El altar era parte del mobiliario del templo, en el cual los sacerdotes ofrecían los sacrificios. La ley de Moisés contenía en forma detallada las características o cualidades de lo que se debía ofrecer en sacrificio a Dios. Deuteronomio 15:20-21 dice: “Delante de Jehová tu Dios los comerás cada año, tú y tu familia, en el lugar que Jehová escogiere. Y si hubiere en él defecto, si fuere ciego o cojo, o hubiere en él cualquier falta, no lo sacrificarás a Jehová tu Dios.”

Un animal defectuoso, cualquiera que sea el defecto, estaba descalificado para ser ofrecido como ofrenda a Dios. Cuando Dios por medio de Malaquías habla del pan inmundo que se ofrecía en el altar, se está refiriendo a animales defectuosos que los sacerdotes estaban ofreciendo en sacrificio a Dios.

Los sacerdotes pretendían esconder su deshonra a Dios y preguntaron: ¿En qué te hemos deshonrado? La respuesta de Jehová por medio de Malaquías fue: En que pensáis que la mesa de Jehová es despreciable. Hacer sacrificios de animales ciegos, cojos o enfermos era equivalente a despreciar a Jehová.

Dios es tan sabio que lanza un argumento contundente para que los sacerdotes capten lo horrendo de su falta. Dice a los sacerdotes algo como lo siguiente: Ustedes tienen que entregar impuestos a los que los oprimen, ¿verdad? ¿Se atreverían a entregar en calidad de impuesto un animal ciego? ¿o un animal cojo? ¿o un animal enfermo?

Me imagino que los sacerdotes estarían meneando su cabeza en un gesto de negación. Jamás se atreverían a dar algo dañado a alguien que está en autoridad. Pues si no se atreven a hacer algo así con un mero ser humano, por más encumbrado que fuera, ¿por qué entonces lo hacen con Dios, quien es infinitamente más excelso que cualquier ser humano en este mundo?

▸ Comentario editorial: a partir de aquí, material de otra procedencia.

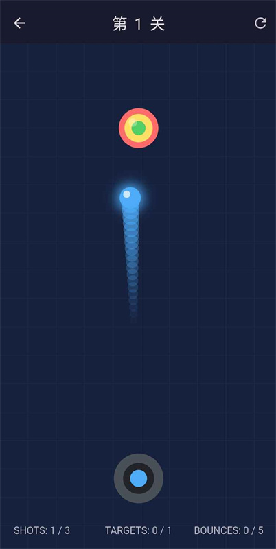 1、拖动瞄准,松手发射,让小球在墙壁间反弹,击中所有目标。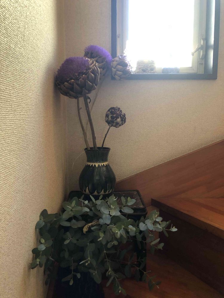 昨日古花市で買ったカード立て、アーティチョーク、花瓶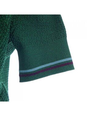 This is an authentic Chanel P75440 K10809 Knitwear in a vibrant green hue. The sweater features a ribbed neckline, cuffs and hem, accented with contrasting navy and pink stripes for a classic Chanel look.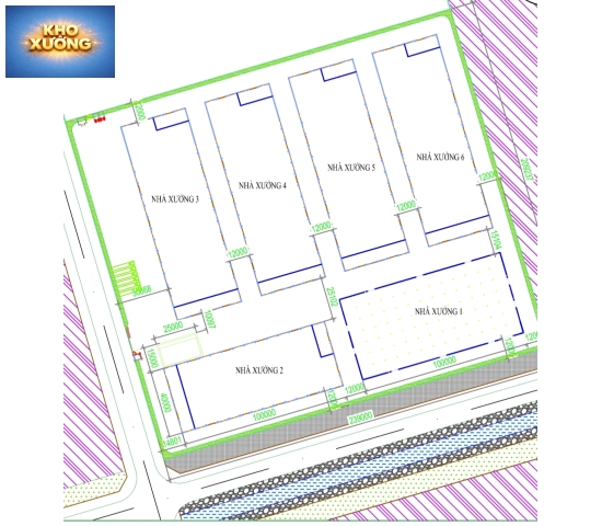- Nhà xưởng 3 & 4, 5 & 6: 40 x 120 = 4.800 mét vuông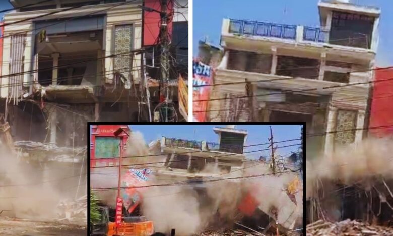 मेरठ के सेंट्रल मार्केट में चला बुलडोजर, पलक झपकते ही बिल्डिंग जमींदोज, VIDEO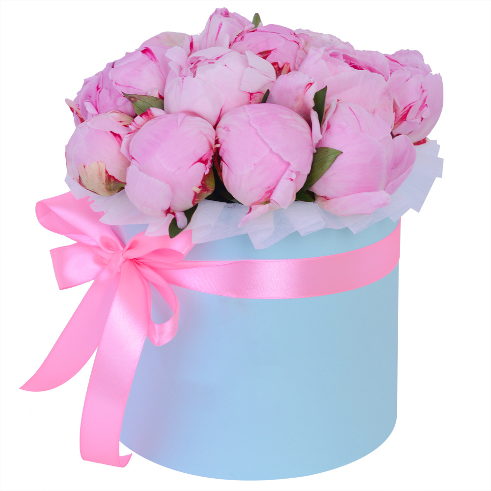 Букет из 15 розовых пионов в голубой шляпной коробке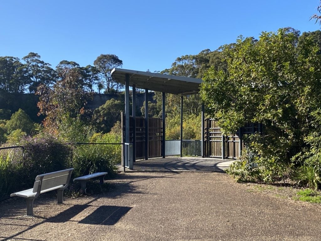 Here you will enjoy views of quarry walls, gum trees and a peaceful pond with abundant birdlife. There are spaces for adults and kids to look through at different heights.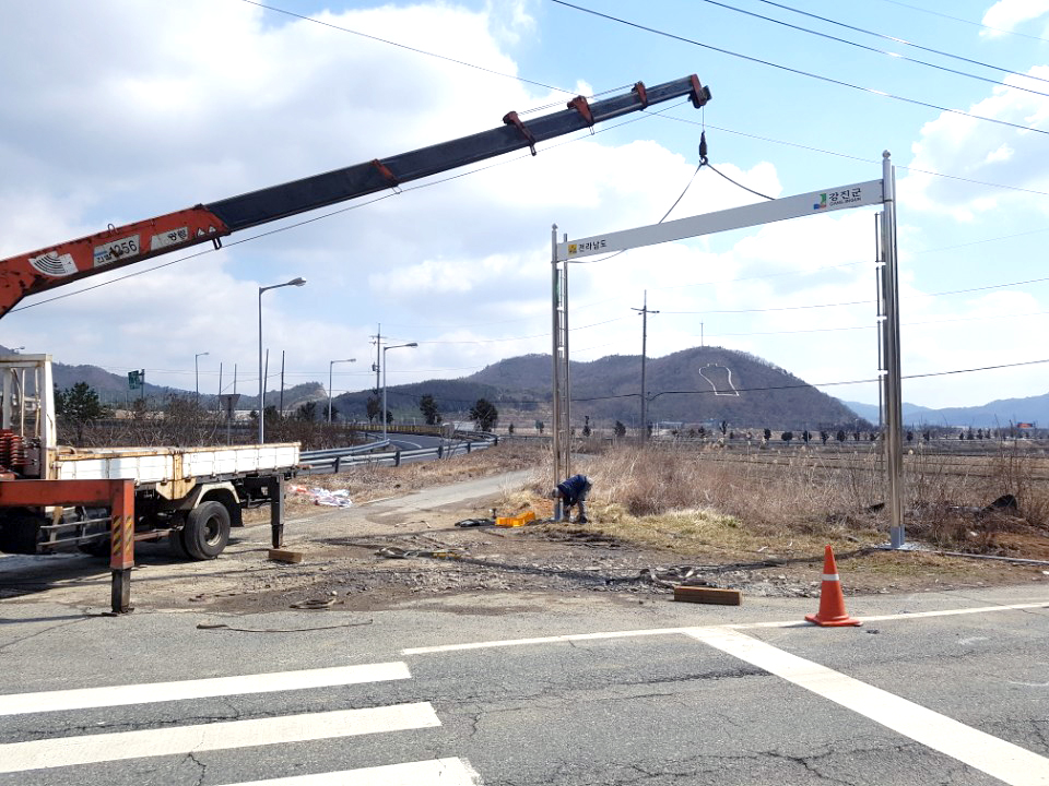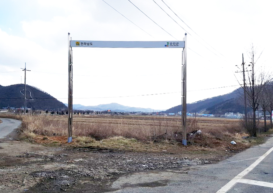 강진군 접철식 현수막게시대 시공 전,중,후 사진입니다.

Los sacerdotes deben haberse quedado con la boca cerrada, al darse cuenta de lo horrendo de su pecado de dar a Dios cosas dañadas. Como si eso no fuera suficiente, Dios lanza otro razonamiento igualmente contundente. Dice a los sacerdotes algo como lo siguiente: Ustedes me oran pidiendo que yo tenga piedad del pueblo, lo cual es parte de su responsabilidad como sacerdotes, pero ¿Creen realmente que yo voy a oír y contestar esas oraciones cuando Ustedes me deshonran ofreciendo en mi altar animales defectuosos?

Nuevamente aquí, los sacerdotes deben haberse quedado con la boca cerrada. Ahora tenían muy claro lo grave de su ofensa a Dios. La reacción más común de los creyentes, cuando toman conciencia de lo que estaba pasando en la época de Malaquías, es apuntar con el dedo índice a esos sacerdotes y decir: ¡Qué malvados! ¡Cómo es posible que hagan algo así!

Pero jamás olvide que cuando uno apunta a otro con el dedo índice, los otros cuatro dedos apuntan directamente al que apunta con el dedo índice. Vemos la paja en el ojo ajeno y no vemos la viga en nuestro propio ojo. Digo esto porque nosotros, los creyentes, también damos a Dios lo ciego, lo cojo y lo enfermo.

¿En qué sentido? Pues tomemos el caso del tiempo. El tiempo es un bien que nos ha dado Dios. Todos tenemos 24 horas en el día. Nadie tiene más y nadie tiene menos. Pero ¿Acaso no es cierto que lo mejor de esas 24 horas lo tomamos para nosotros mismos y el resto se lo damos a Dios? Y aún eso a regañadientes. No estoy diciendo que deberíamos pasar 12 horas cada día en oración. Ojalá pudiéramos hacerlo, pero no es cuestión de cantidad de tiempo sino de calidad de tiempo.

Quizá unos treinta minutos de verdadera comunión con Dios por medio de su palabra y la oración, sea mejor que horas de cumplir con un rito vacío de significado. El mejor tiempo del día es después de despertarnos a la mañana. La mente está descansada, las interrupciones son mínimas.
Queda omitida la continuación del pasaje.